ITEM 1. DESCRIPTION OF REGISTRANT'S SECURITIES TO BE REGISTERED
On July 21, 1998, the Board of Directors (the "Board") of the
Corporation declared a dividend distribution of one right (each a "New
Right") for each outstanding share of the common stock, par value $1.66 -
2/3 per share, of the Corporation ("Common Stock") to stockholders of
record at the close of business on the earlier of October 31, 1999, the
date on which the Rights Agreement, dated as of October 17, 1989, between
the Corporation and Norwest Bank Minnesota, N.A., as successor rights agent
(as amended, the "1989 Rights Agreement") expires, or the date on which the
rights issued under the 1989 Rights Agreement (the "1989 Rights") are
exchanged or redeemed in accordance with the provisions of the 1989 Rights
Agreement (such date being referred to as the "Record Date"). Each New
Right will entitle the registered holder to purchase from the Corporation
one one-hundredth of a share of Series A Junior Participating Preferred
Stock, no par value (the "Preferred Stock"), of the Corporation at an
exercise price of $330.00, subject to adjustment (as adjusted from time to
time, the "Purchase Price"). The description and terms of the New Rights
are set forth in a Rights Agreement, dated as of July 21, 1998, between the
Corporation and the Rights Agent, as amended by Amendment No. 1 thereto,
dated as of November 18, 1998 and Amendment No. 2 thereto, dated as of
February 16, 1999 (as so amended, the "New Rights Agreement").

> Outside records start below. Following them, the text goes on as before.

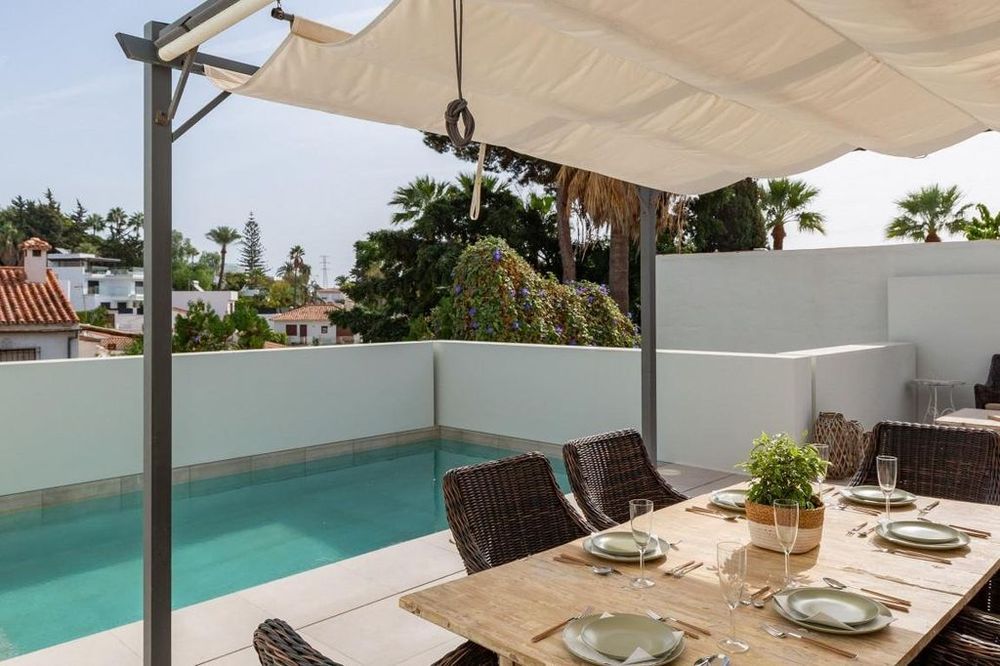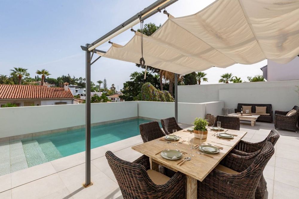 3 BED 4 BATH MODERN VILLA IN THE HEART OF NUEVA ANDALUCIA WITH BRAND NEW FURNISHINGS. THE VILLA HAS A BIG OPEN SPACE LIVING AND DINING ROOM WITH A FULLY EQUIPPED KITCHEN WHICH FLOWS TO THE OUTDOOR LIVING SPACE PERFECT FOR DINING, ENTERTAINING, SUN-BASKING AND SWIMMING IN THE PRIVATE SPARKLING POOL. THE VILLA ALSO HAS AN UPSTAIRS TERRACE PERFECT FOR CATCHING THE SUN ALL DAY LONG. THE PROPERTY IS WITHIN WALKING DISTANCE TO SHOPS AND RESTAURANTS AND JUST 10 MINUTES DRIVE FROM THE FAMOUS PUERTO BANUS. THE PROPERTY BEENFITS FROM BOTH AIR-CONDITIONING AND HEATING THROUGHOUT, FOR YOUR BEST COMFORT ALL YEAR ROUND.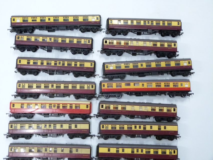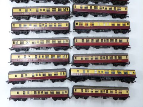 Twenty-six Tri-ang and Tri-ang Hornby 00 gauge model railway coaches in crimson and cream liveries.
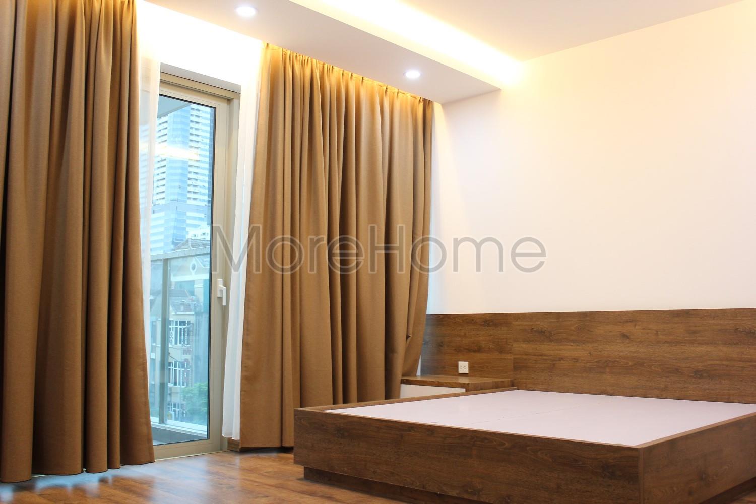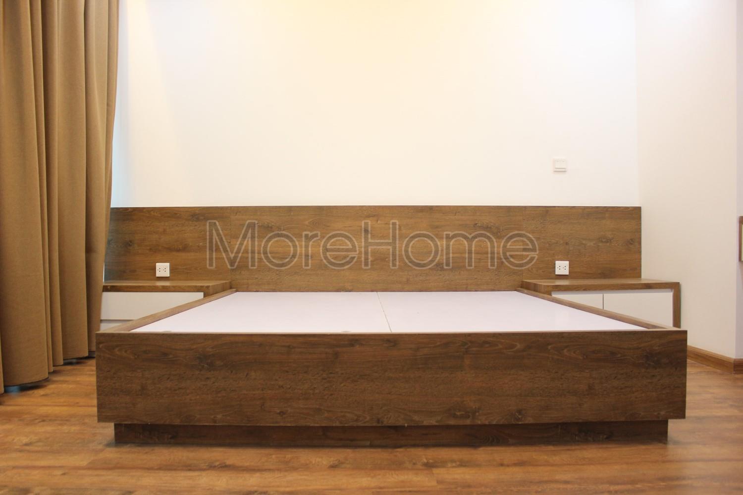 Thiết kế nội thất phòng ngủ được chú trọng không kém, không gian này với màu gỗ là màu sắc chủ đạo, chiếc giường ngủ làm từ nội thất gỗ óc chó sang trọng và hiện đại giúp phòng ngủ trở nên bắt mắt và ấm cúng hơn. Không những thế căn phòng này còn được thiết kế một khung cửa lớn giúp ánh sáng ngoài tự nhiên có thể chiếu rọi vào phòng, cho không gian thêm phần thoáng đãng.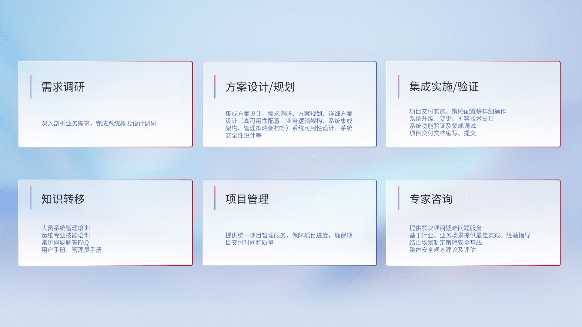 针对客户行业特性,,,,将宏观的安全战略和需求,,,,通过专业的交付服务,,,实现项目落地,,为客户提供标准规范的集成交付服务。。。。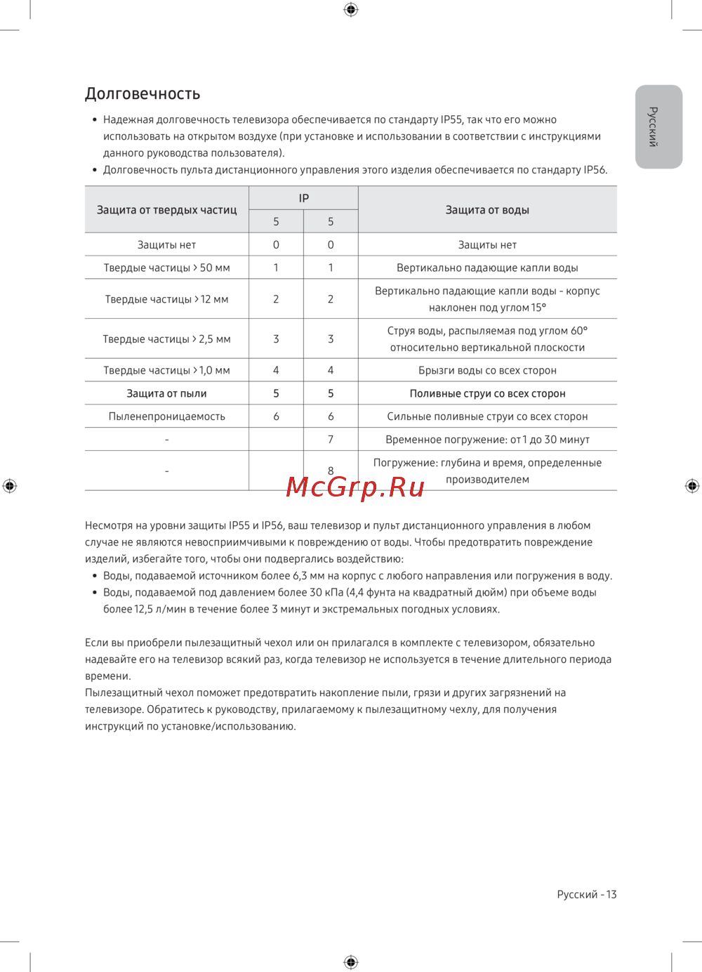 Samsung QE55LST7TAU [13/56] Защита от твердых частиц ip защита от воды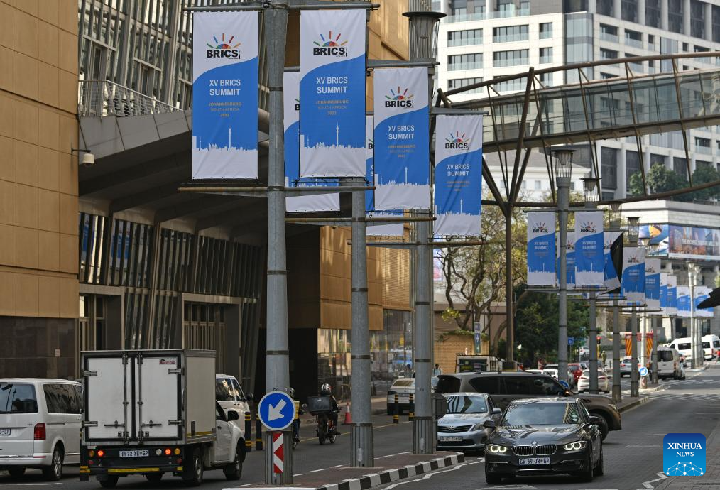 Signboards of the 15th BRICS summit are seen in a street of Johannesburg, South Africa, Aug. 17, 2023. The 15th BRICS summit is to be held in Johannesburg, South Africa, on Aug. 22-24. (Xinhua/Wang Guansen)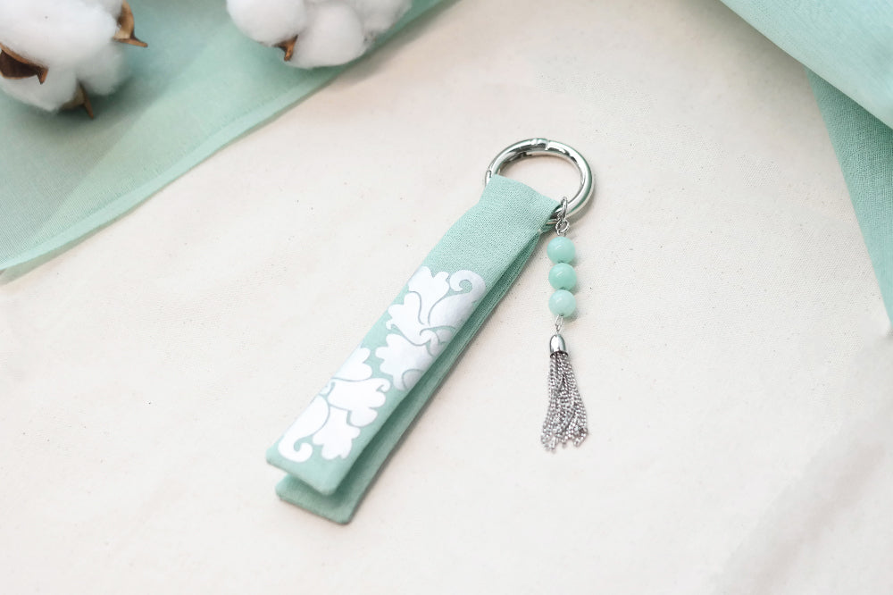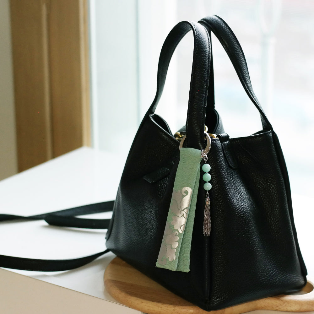Crafted with an open O-ring design, this accessory effortlessly functions as a key ring, bag charm, or cell phone strap. Its lightweight feel and refined appearance make it perfect for daily use or for adding a touch of tradition to any modern look.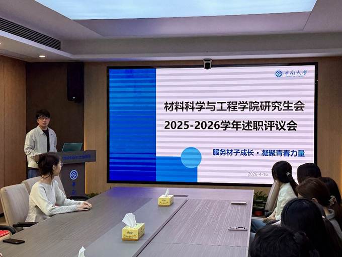 为深入学习贯彻习近平总书记关于青年工作的重要论述,严格落实《关于巩固高校学生会(研究生会)改革成果的若干措施》《关于高校学生会(研究生会)述职评议会的工作指引(试行)》等相关文件要求,为系统梳理本学期工作、检验研会骨干履职成效、锤炼高素质服务队伍、促进工作经验交流,2026年4月16日下午14:30,中南大学材料科学与工程学院研究生会2025-2026学年述职评议会在特冶楼229会议室成功举行。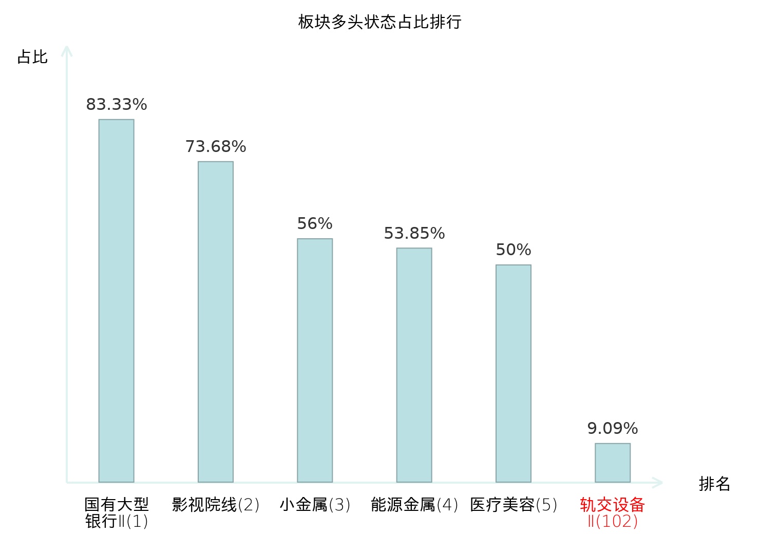 全市场所有行业板块中主力多头状态占比排名中,国有大型银行Ⅱ板块位居第一。电视广播Ⅱ板块名次提升最快,较昨日上升99位。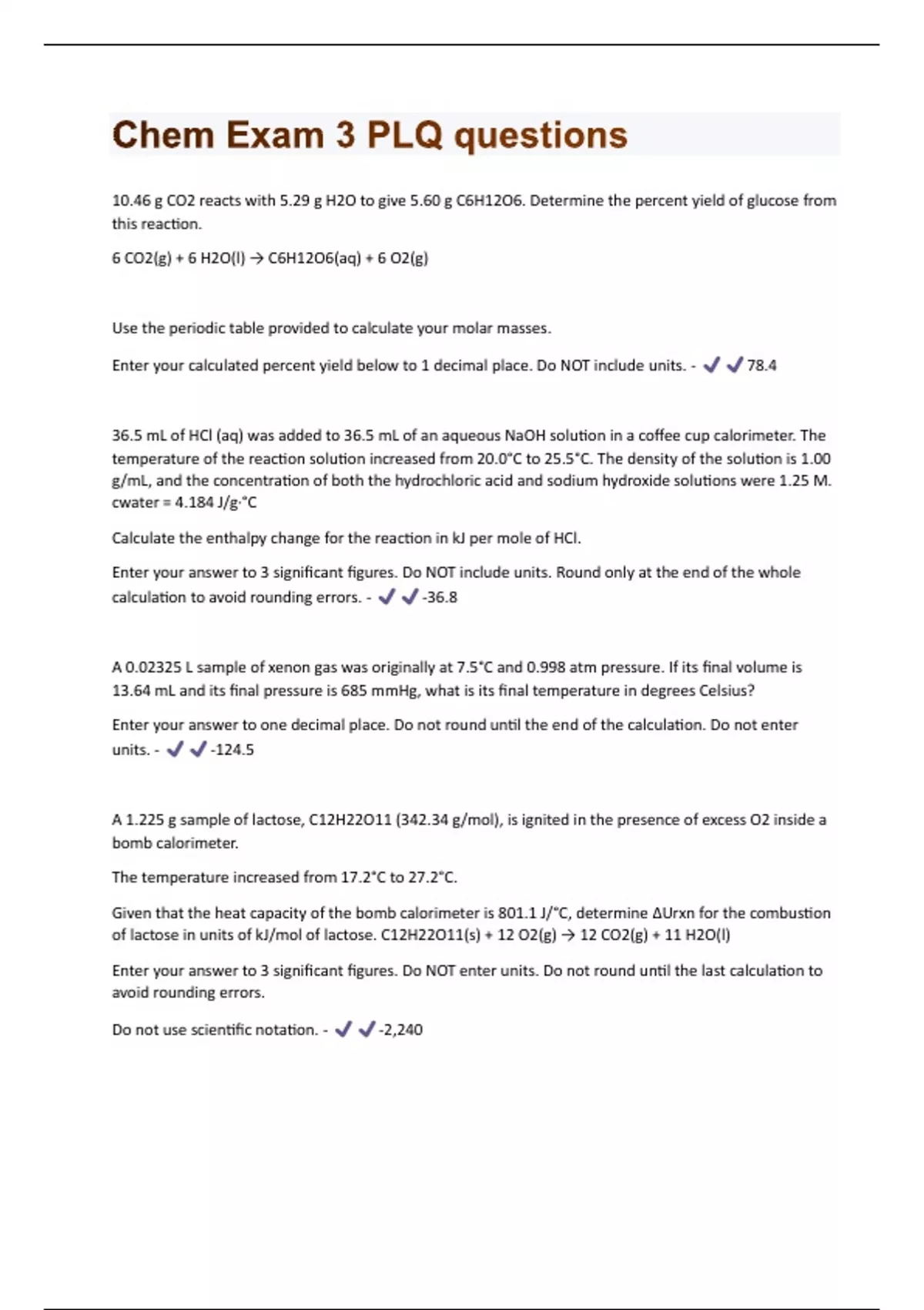 10.46 g CO2 reacts with 5.29 g H2O to give 5.60 g C6H12O6. Determine the percent yield of glucose from this reaction. 6 CO2(g) + 6 H2O(l) → C6H12O6(aq) + 6 O2(g) Use the periodic table provided to calculate your molar masses. Enter your calculated percent yield below to 1 decimal place. Do NOT include units. - 78.4 36.5 mL of HCl (aq) was added to 36.5 mL of an aqueous NaOH solution in a coffee cup calorimeter. The temperature of the reaction solution increased from 20.0°C to 25.5°C. The density of the solution is 1.00 g/mL, and the concentration of both the hydrochloric acid and sodium hydroxide solutions were 1.25 M. cwater = 4.184 J/g·°C Calculate the enthalpy change for the reaction in kJ per mole of HCl. Enter your answer to 3 significant figures. Do NOT include units. Round only at the end of the whole calculation to avoid rounding errors. - -36.8 A 0.02325 L sample of xenon gas was originally at 7.5°C and 0.998 atm pressure. If its final volume is 13.64 mL and its final pressure is 685 mmHg, what is its final temperature in degrees Celsius? Enter your answer to one decimal place. Do not round until the end of the calculation. Do not enter units. - -124.5 A 1.225 g sample of lactose, C12H22O11 (342.34 g/mol), is ignited in the presence of excess O2 inside a bomb calorimeter. The temperature increased from 17.2°C to 27.2°C. Given that the heat capacity of the bomb calorimeter is 801.1 J/°C, determine ΔUrxn for the combustion of lactose in units of kJ/mol of lactose. C12H22O11(s) + 12 O2(g) → 12 CO2(g) + 11 H2O(l) Enter your answer to 3 significant figures. Do NOT enter units. Do not round until the last calculation to avoid rounding errors. Do not use scientific notation. - -2,240A 13.98 g sample of a metal with a temperature of 85.25°C was placed in 8.45g of water at 12.12°C. The final temperature of the system was 18.46°C. Calculate the specific heat of the metal in units of J/g·°C to determine which of the metals in the table below it was most likely to have been. cwater = 4.184 J/g·°C chromium lead sodium zinc silver gold aluminum tin iron - silver A 15.25 g sample of a pure elemental metal with a temperature of 85.25°C was placed in 8.45 g of water at 12.12°C. The final temperature of the system was 18.46°C. Identify the metal element using the table below. cwater = 4.184 J/g·°C lead silver sodium chromium aluminum iron tin zinc gold - tin A 724 mL sample of argon gas, initially at 5.0°C, is heated at constant pressure. If the final volume of the gas is 0.958 L, what is the final temperature in °C?Do not round any number until your final answer during your calculation. Enter your answer to 3 significant figures. Do NOT include units. - 94.9 A gas, initially at 2.05 atm and 3.45 L, expands to a volume of 12.35 L. What is the new pressure of the gas in atmospheres? Enter your answer to the correct significant figures. Do NOT include units. - 0.573
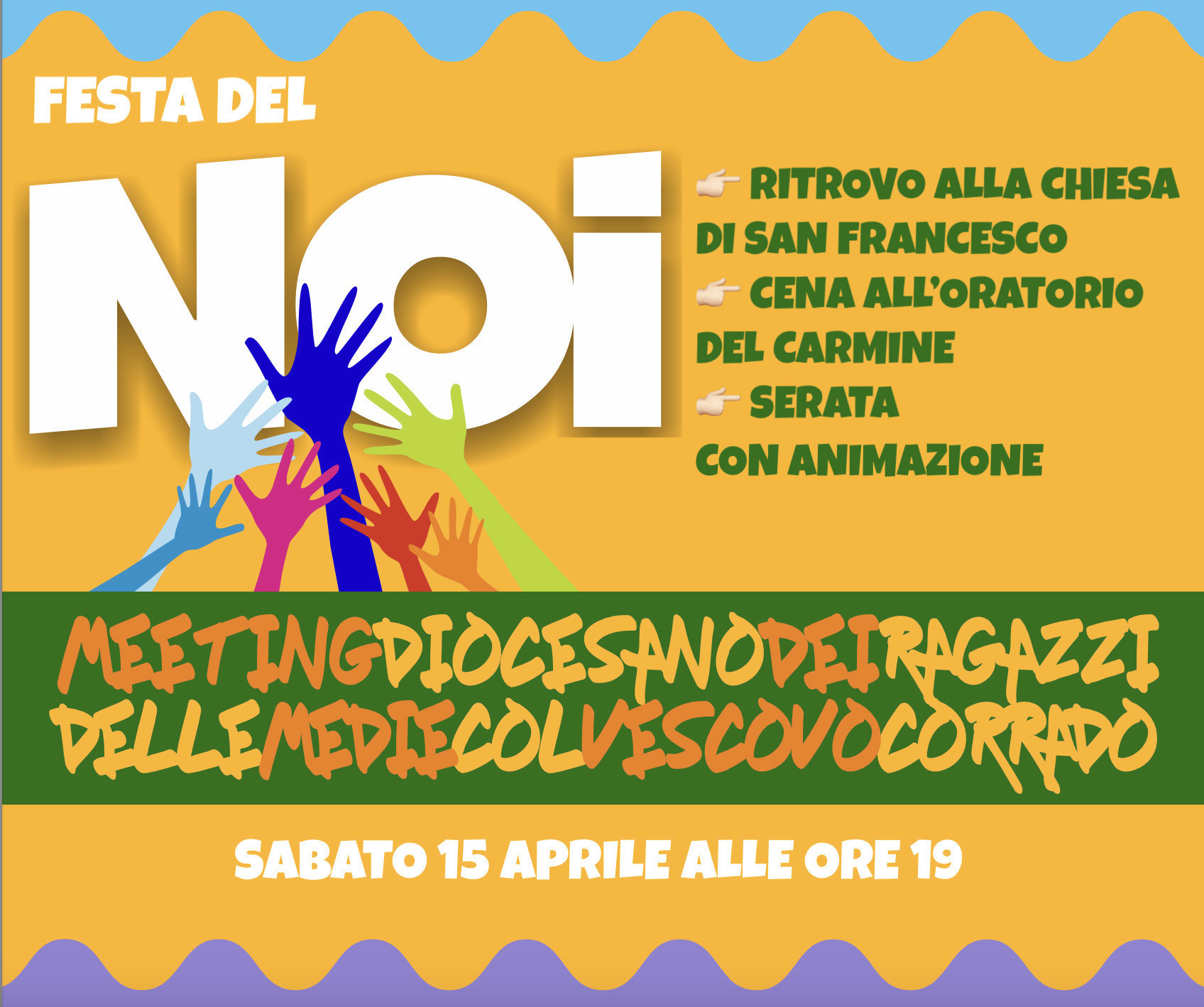 LA FESTA DEL NOI, l’incontro dei ragazzi del postcresima con il Vescovo Corrado, si terrà SABATO 15 APRILE con la seguente modalità: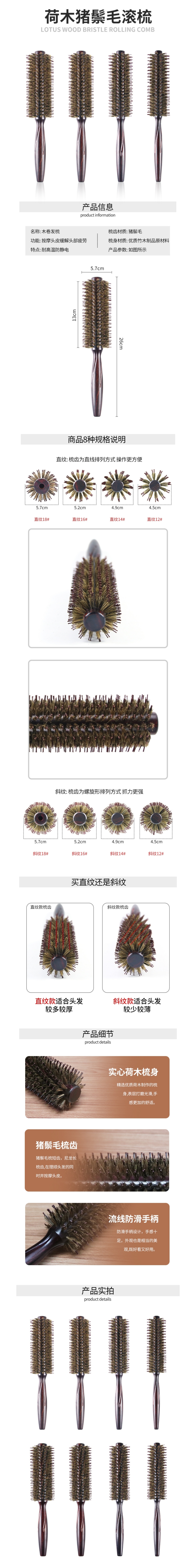 猪鬃毛卷发梳 荷木造型毛滚梳美发顺发圆筒滚梳木卷发梳

The New Rights Agreement was adopted by the Board to replace the 1989
Rights Agreement upon the expiration or redemption of the 1989 Rights,
which will occur no later than October 31, 1999. In no event will both the
1989 Rights and the New Rights be exercisable.
Initially following the Record Date, the New Rights will be attached
to all certificates representing shares of Common Stock then outstanding,
and no separate Rights Certificates will be distributed. Unless earlier
redeemed by the Board in accordance with the New Rights Agreement, the New
Rights will separate from the Common Stock and a "Distribution Date" will
occur upon the earlier of (i) 20 days following the Stock Acquisition Date
(as defined below) or (ii) 20 days (or such later date as the Board shall
determine, provided that no deferral of such date may be made by the Board
at any time during the Special Period (as defined below)) after the date a
tender or exchange offer that would result in a person or group
beneficially owning 15% or more of the outstanding shares of Common Stock
is first published, sent or given to the Corporation's stockholders. The
"Special Period" is defined as the 180-day period following the
effectiveness of any election of directors, occurring within 270 days of a
public announcement by a third party of an intent or proposal to engage
(without the current and continuing concurrence of the Board) in a
transaction involving an acquisition of or business combination with the
Corporation or otherwise to become an Acquiring Person (as defined below),
which election results in a majority of the Board being comprised of
persons who were not nominated by the Board in office immediately prior to
such election.
The "Stock Acquisition Date" is defined as the earlier of (x) the
first date of public announcement by the Corporation that any person or
group (other than certain exempt persons or groups) has acquired, or
obtained the right to acquire, beneficial ownership of 15% or more of the
shares of Common Stock then outstanding or (y) the date that any person
enters into an agreement or arrangement with the Corporation or any of its
subsidiaries providing for an Acquisition Transaction (as defined below)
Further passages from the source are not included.